Mayores habían de ser todavía sus humillaciones. Después de dar una vuelta por el hospicio—asilo y de ocurrírsele por vez primera en su vida el pensamiento de que las leyes que regulaban la vida de los pobres eran excesivamente rígidas y de que los maridos que abandonaban a sus tiernas esposas dejándolas a cargo de la parroquia no deberían, en justicia, ser castigados, antes bien recompensados como beneméritos que habían sufrido mucho, volvió el señor Bumble a la estancia en la que de ordinario estaban las pobres encargadas del lavado de ropa del asilo, de donde partía rumor de voces enzarzadas en animada conversación.

—¡Hum! —murmuró el antiguo bedel, adoptando toda su dignidad nativa—. ¡Al menos esas mujeres continuarán respetando la prerrogativa! ¡Eh!... ¡Eh! –gritó—. ¿Qué significa ese ruido, brujas condenadas?

Barbotando estas palabras cariñosas abrió la puerta y penetró con fiero continente y ceño adusto en la habitación, fiereza que se trocó en humildad y ceño que se convirtió en dulce sonrisa no bien sus ojos tropezaron con la persona de su cara mitad, que se encontraba en el centro del grupo.

—¡Querida mía! —exclamó—. Ignoraba que estuvieses aquí.

—¿Ignorabas que estuviese aquí? —replicó la matrona—. ¿Y qué se le ha perdido a usted en este sitio?

—Se me figuró que hablaban aquí demasiado para que no se resintiera el trabajo —respondió Bumble, mirando de soslayo a dos viejas que exteriorizaban la maravilla que les producía la humildad del director del establecimiento.

—Conque te parecía que hablaban demasiado, ¿eh? ¿Y te importa algo eso?

—Yo creo... amiga mía... entiendo...

—Repito: ¿te importa algo que hablen o no?

—Confieso, querida mía, que el ama eres tú... pero creí que no estarías aquí y...

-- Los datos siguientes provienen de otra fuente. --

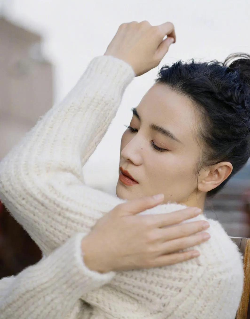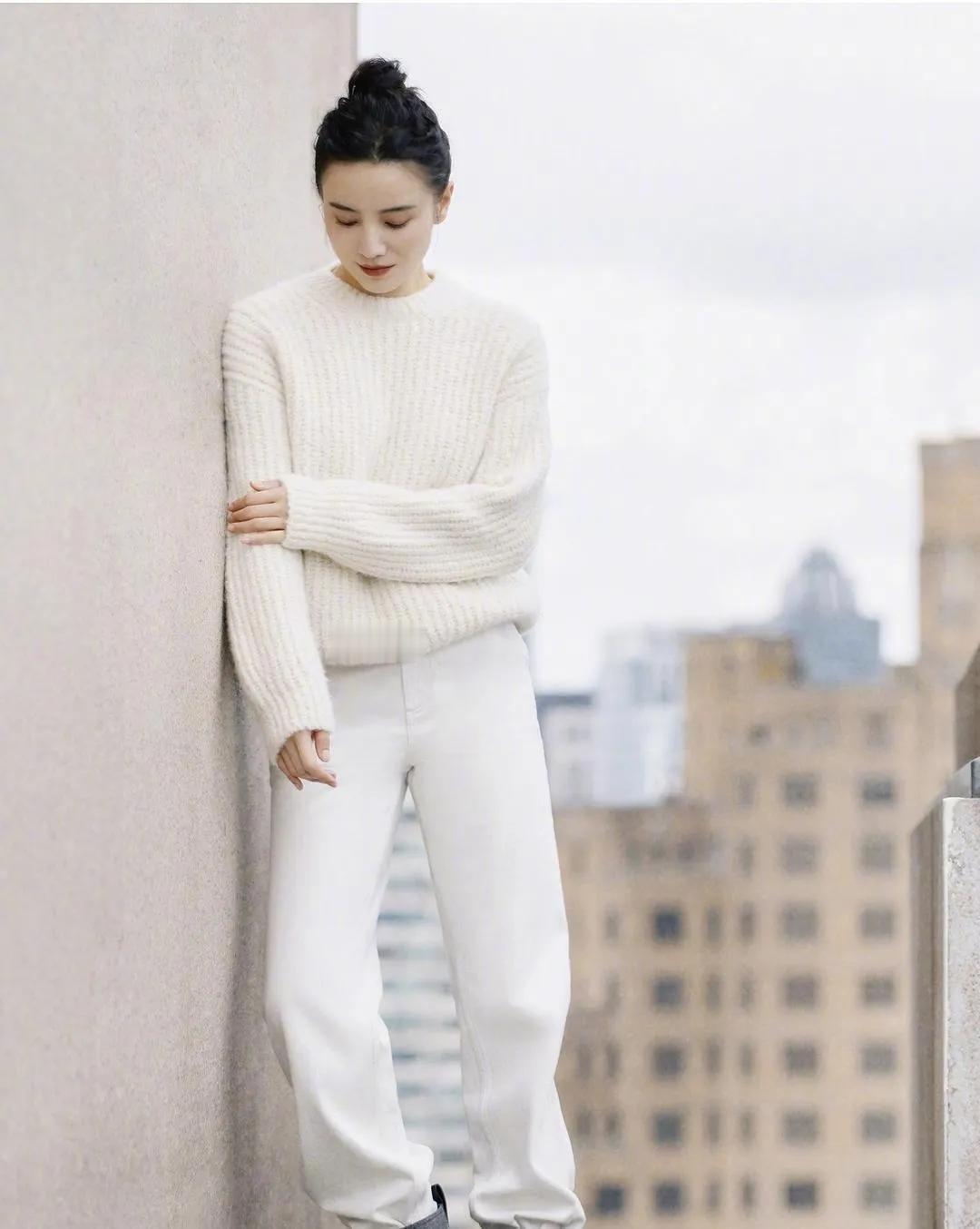 宋佳这气质,是刻在骨子里的高级✨ 一件白毛衣+白裤子,丸子头一扎,清冷松弛感
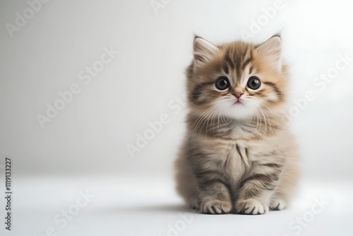 Fototapeta premium Fluffy kitten, small and cute, sitting on white background, full-body shot, high resolution.
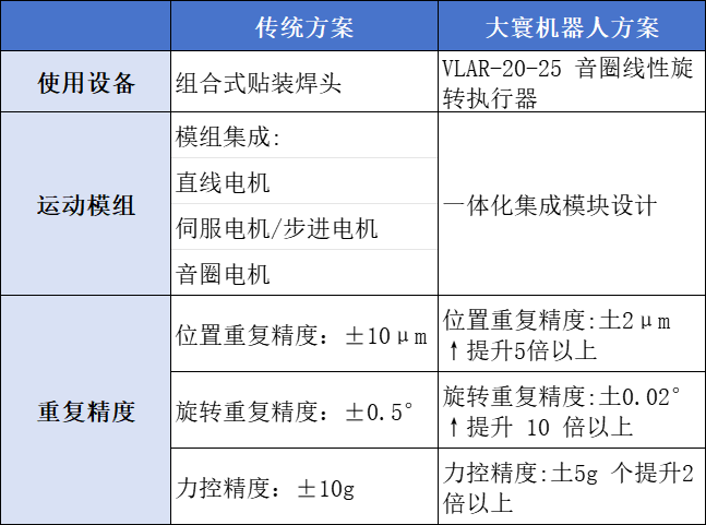 微型电子零部件,对生产组装要求极高,如摄像头模组组装。大寰机器人的音圈线性旋转执行器±5g的精确力控和软着陆有效防止零件损坏;±0.02°的旋转重复定位精度,确保定位组装的准确,提高整体组装生产的良率。
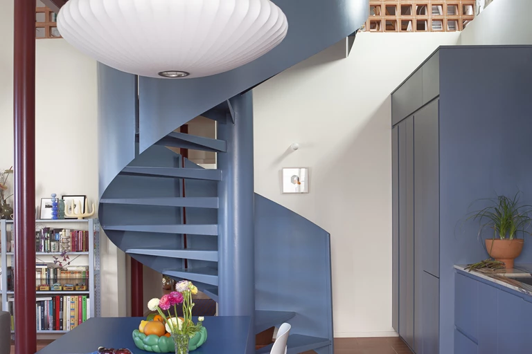 Do morza nawiązano poprzez szerokie zastosowanie błękitu, którym skąpano m.in. schody, kuchnię i okiennice. Spora ilość roślin w doniczkach oraz rude płytki świetnie oddają przy tym śródziemnomorską przyrodę. Te spokojne motywy aranżacyjne skontrastowano wyrazistymi barwami. Nasycone bordo można dostrzec na elementach konstrukcyjnych, czerwień na nogach stołu kuchennego, zaś zieleń i brąz w łazience. Obrazy i dodatki do domu zdobią również żółć oraz pomarańcz.
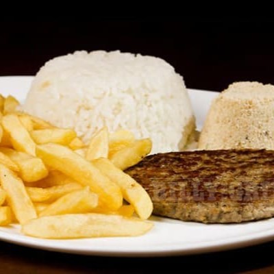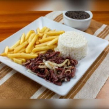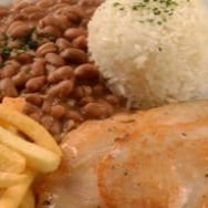 Nosso filé de frango, com arroz branco da casa, feijão preto e deliciosa batata frita
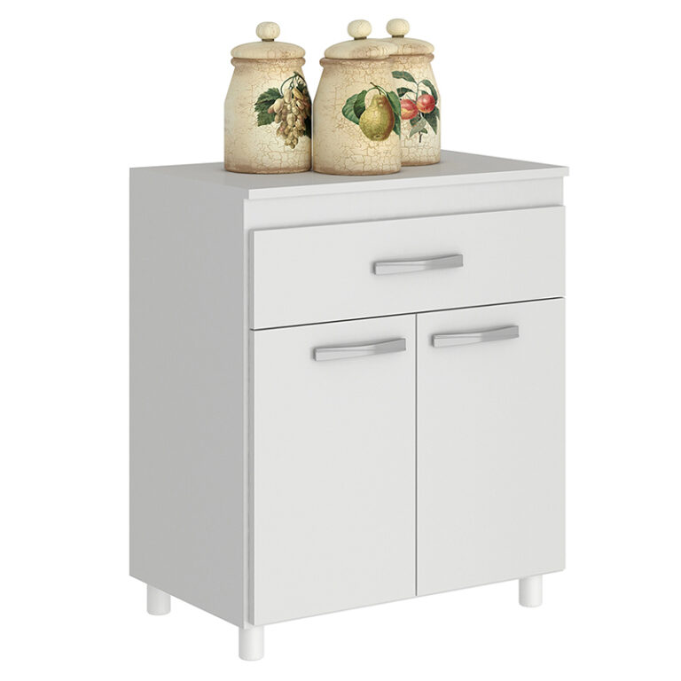 El Mueble Cocina Auxiliar Betty Vekka es la solución perfecta para organizar tu cocina de manera práctica y elegante. Confeccionado en MDP de alta calidad, este mueble de base cuenta con dos puertas, un cajón y tiradores discretos. Además, incluye una mesada para mayor comodidad en tus tareas culinarias.
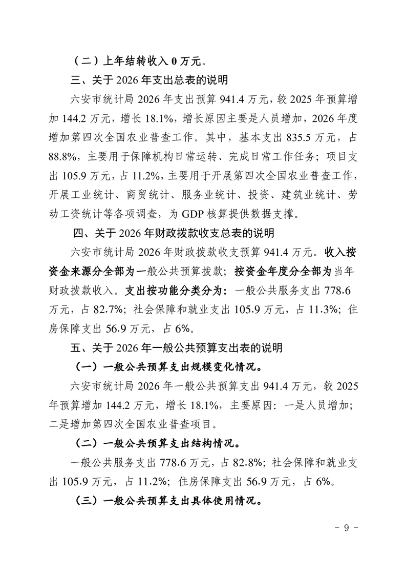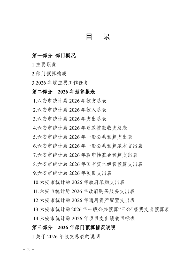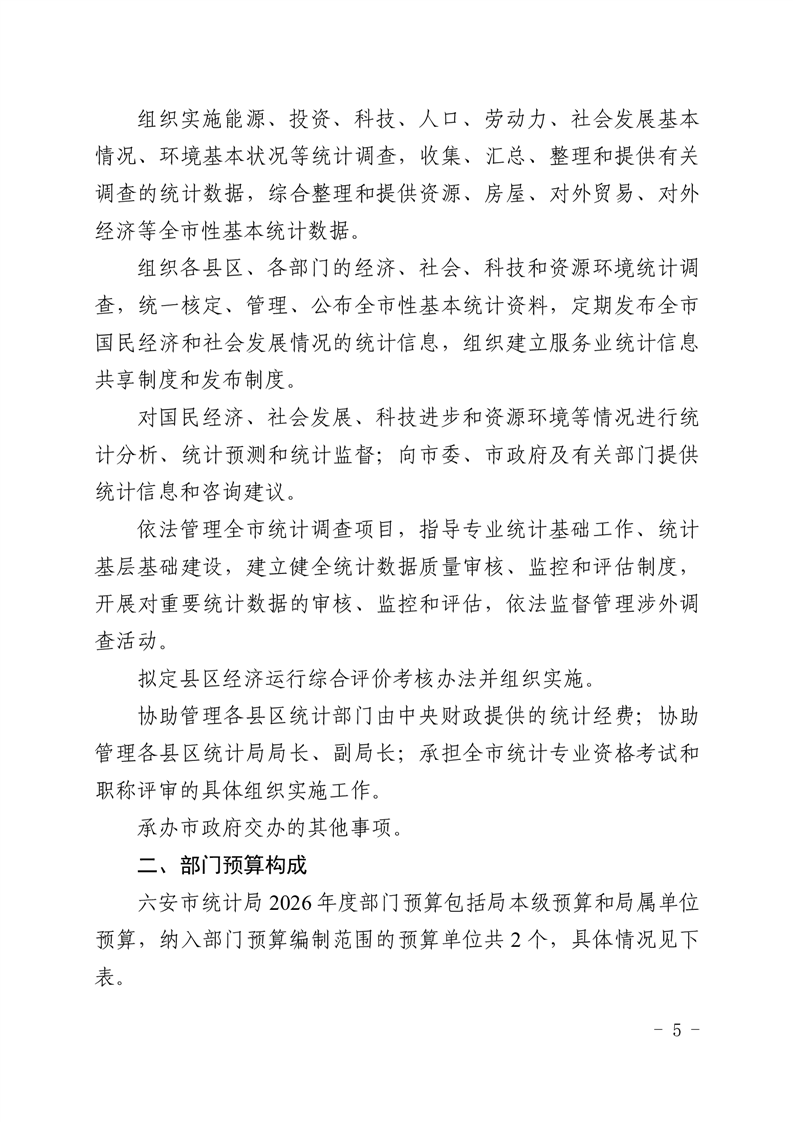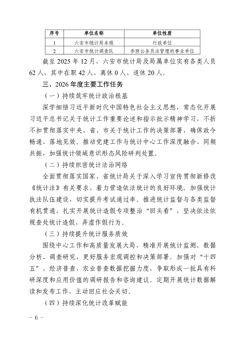 六安市统计局(六安市统计调查队)2026年部门预算公开
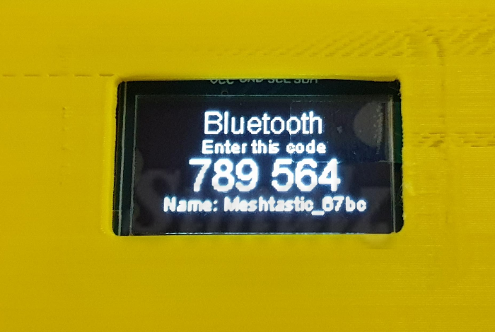 매시타스틱을 연결해봅니다. 스마트폰 앱에서 블루투스 연결을 시도하면 T-Beam의 OLED 화면이 아래처럼 바뀝니다.
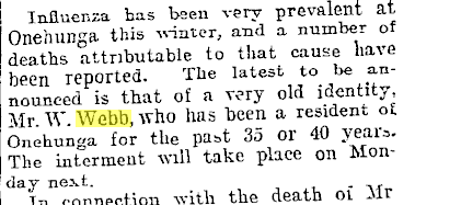 William died from Influenza on the 5th of October,1907 and Mary on the 28th of March,1918, with both buried at nearby Waikaraka Cemetery.
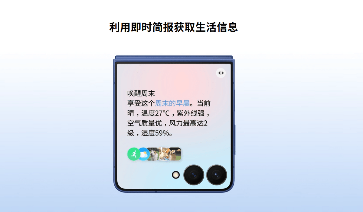 三星Galaxy Z Flip7折叠屏手机以用户需求为焦点,智能案牍帮写、画图帮手、生成式编纂、音频橡皮擦等功能,让手机更好地融入糊口取创做之中,别离笼盖第三方使用动态取个性化糊口消息,
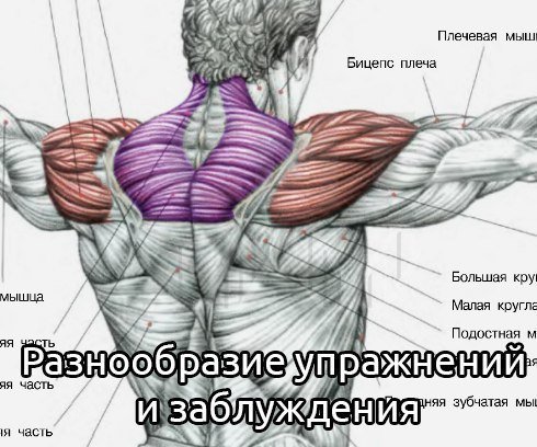 пучков. Изолировать один пучок относительно другого в данном случае невозможно. 3. «Привыкания» и потери тренировочного воздействия при выполнении одного и того же упражнения не происходит. Упражнение – лишь инструмент для создания определенного режима нагрузки на целевые мышцы. Снижение результативности тренинга может быть обусловлено выполнением упражнения длительное время в одном и том же режиме. Наверняка вы все еще продолжаете слышать из разных источников о необходимости делать разнообразные упражнения на каждую группу мышц, чтобы «развить все ее головки», или «развить внешние и внутренние участки», или в целях «избежать привыкания». И наверняка делаете по нескольку упражнений на каждую мышечную группу. Однако в ряде случаев необходимое количество упражнений можно смело сократить, не бегая от одного снаряда к другому, но есть и такие группы мышцы, которые для полноценного развития обязательно предполагают набор разных движений. Отделим мух от котлет на примере основных мышечных групп. Бицепс Основная функция двуглавой мышцы плеча – сгибание предплечья в локтевом суставе. Отсюда и типичный набор упражнений: подъемы штанги и гантелей на бицепс, подъем сидя в наклоне и на «Скамье Скотта», сгибание рук на верхнем и нижнем блоке. Со стороны локтевого сустава обе головки бицепса соединяются, образуя брюшко, которое заканчивается одним сухожилием, прикрепляющимся к бугристости лучевой кости. Для того, чтобы произошло сгибание предплечья в локтевом суставе, двуглавая мышца плеча должна сократиться и при помощи сухожилия, соединяющего обе головки, как бы подтянуть предплечье к бицепсу. Что бы мы ни делали при сгибании предплечий, какой бы ширины хват ни использовали, обе головки бицепса будут сокращаться одинаково, поскольку скреплены в одно целое сухожилием. Отсюда становится понятным, что варьирование хватов при тренировке двуглавых мышц является необязательным делом, достаточно лишь подобрать наиболее комфортный для себя хват, и можно использовать его постоянно. Выполнение упражнений из растянутой или сокращенной позиции, например, как при подъеме гантелей сидя на наклонной скамье и подъем на «Скамье Скотта», не задействует в большей или меньшей степени верхнюю, нижнюю или среднюю часть бицепса. Так как это невозможно с точки зрения физиологии, хотя субъективные ощущения при выполнении упражнений будут отличаться. Выполнение упражнений на «пик» бицепса является очевидным заблуждением, поскольку форма мышцы, в том числе в сокращенном состоянии, задана генетически. Итог: для гипертрофии двуглавой мышцы плеча острой необходимости выполнять множество упражнений не имеется, вполне возможно обойтись одним наиболее эффективным для вас лично упражнением. Трицепс Ситуация с трицепсом схожа с бицепсом в том плане, что в локтевом суставе все три головки трицепса также соединены одним сухожилием, которое прикрепляется к локтевому отростку локтевой кости. Основная функция трицепса – разгибание предплечья, и любое подобное движение осуществляется всей мышцей целиком, всеми тремя головками. Самые распространенные упражнения на трицепс: жим лежа узким хватом, отжимания на брусьях, французский жим, разгибание руки из-за головы, отведение руки в наклоне, разгибание рук на блоке к низу. Все эти упражнения в равной 
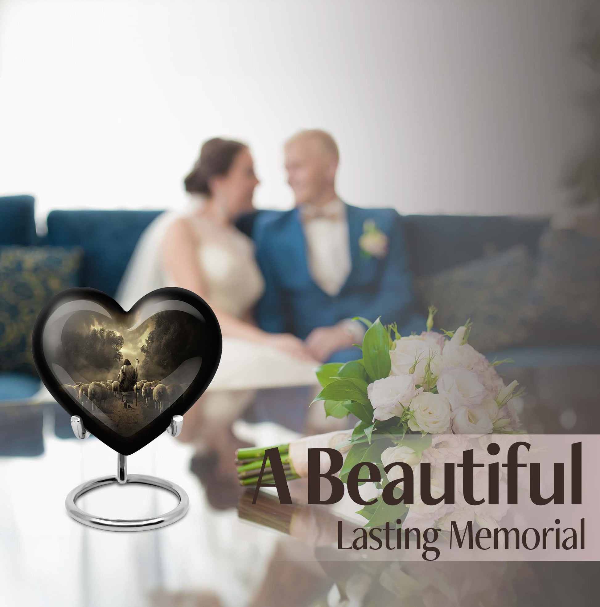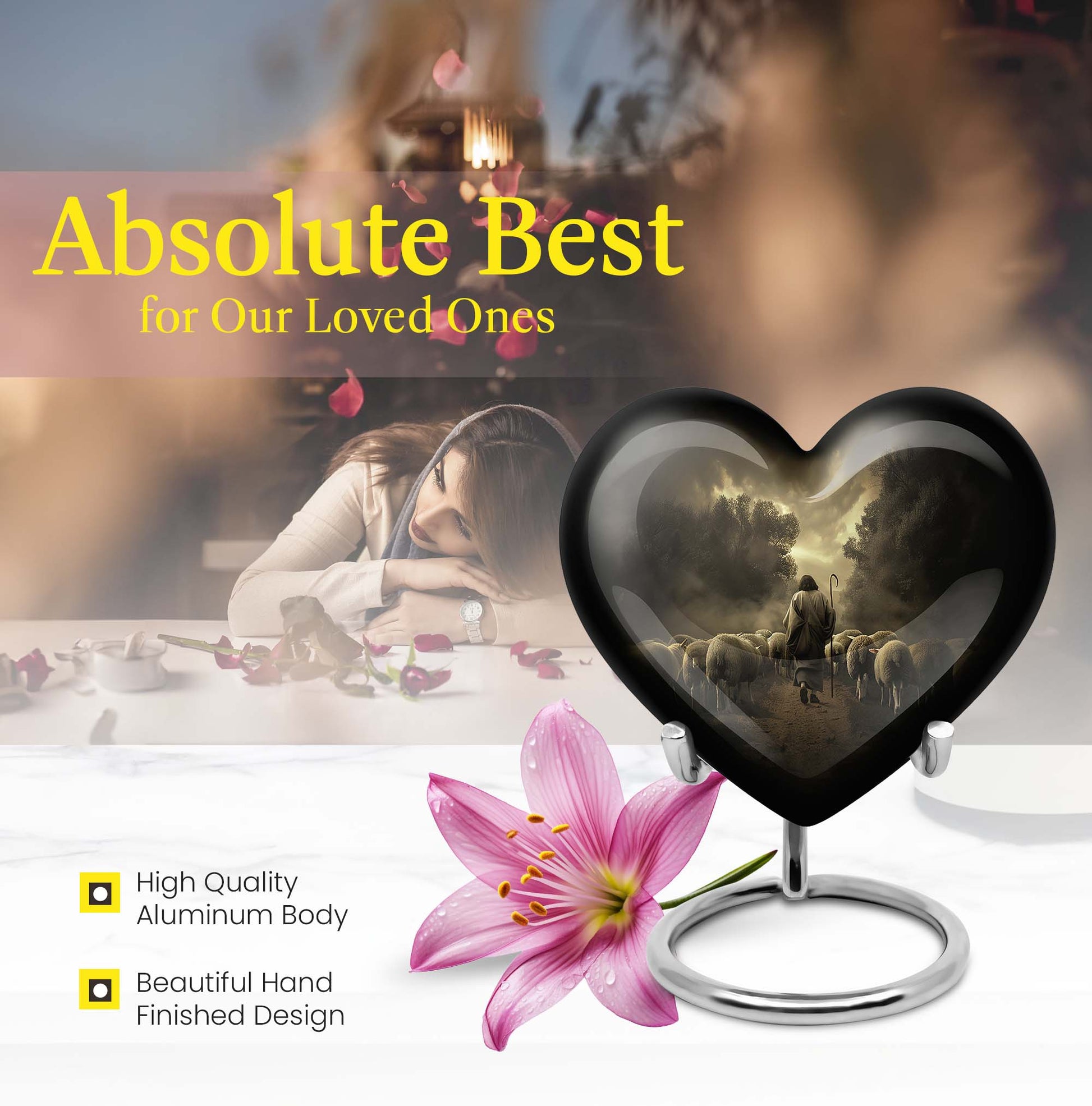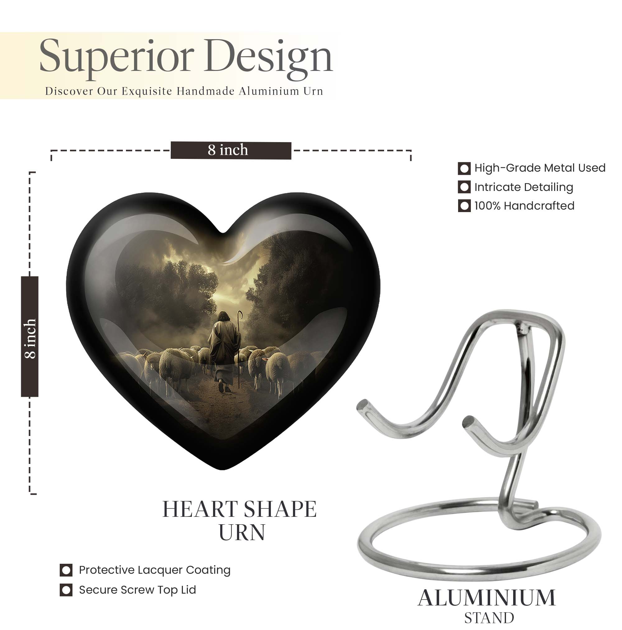 Emanate pure love even in absence with this exquisite 10-inch Shepherd Urn, a unique tribute to those loved but unseen, unheard, but always near. Crafted with the meticulous detail, this urn’s large size constitutes a capacity of 200 cubic inches. Constructed from durable aluminium, its enduring quality safeguards the ashes of your loved ones from the elements of time. The urn comes alongside a velvet pouch, enabling secure containment of ashes, and preserving the sanctity of remembrances. This large, heart-shaped urn, while abstract in theme, bears a weight of 3.3 pounds and offers the possibility of further customization. Personalize it with engraved names, infusing a part of your heart in its creation. This 'cremation urn' caters to keywords such as 'burial urns for cremation', 'ashes mother', 'urn ash funeral urn', 'shaped urn box' and 'funeral cremation urns'. This heart urn is more than a mere vessel; it’s a timeless keepsake, a beacon of undying love and a heartfelt solace in times of remembrance. An extraordinary choice for men, it mirrors strength in vulnerability and grace amidst loss.

—¡Óigame usted bien, señor Bumble! Aquí no hace usted maldita la falta. Es usted muy aficionado a meter la nariz donde no debe, a presentarse donde no le llaman, sin pensar que todo el mundo se ríe de usted apenas vuelve la espalda, sin tener en cuenta que da motivos sobrados para que le llamen imbécil a todas las horas del día y de la noche... ¡Largo de aquí!

El buen Bumble, reparando con dolor lacerante en la expresión de júbilo que reflejaban las arrugadas caras de las dos viejas y en los guiños significativos que se dirigían, titubeó, como no decidiéndose a marcharse, pero su mujer, cuyo fuerte parece que no era la paciencia, cogiendo una vasija llena de agua de jabón, le indicó la puerta, amenazándole en caso contrario con arrojar el líquido sobre su majestuosa persona.

¿Qué podía hacer Bumble? Tendió alrededor una mirada de desesperación y salió, entre las risotadas de las viejas, que no pudieron contener ya su hilaridad. ¡Era lo único que le faltaba para que el calvario fuera completo! Veíase deshonrado a sus ojos, degradado públicamente, despojado de su autoridad ante los mismos asilados, derribado desde las alturas del importante cargo de bedel hasta el abismo sin fondo de la más baja de las abyecciones, convertido de orondo director de la casa, en despreciable Juan Lanas.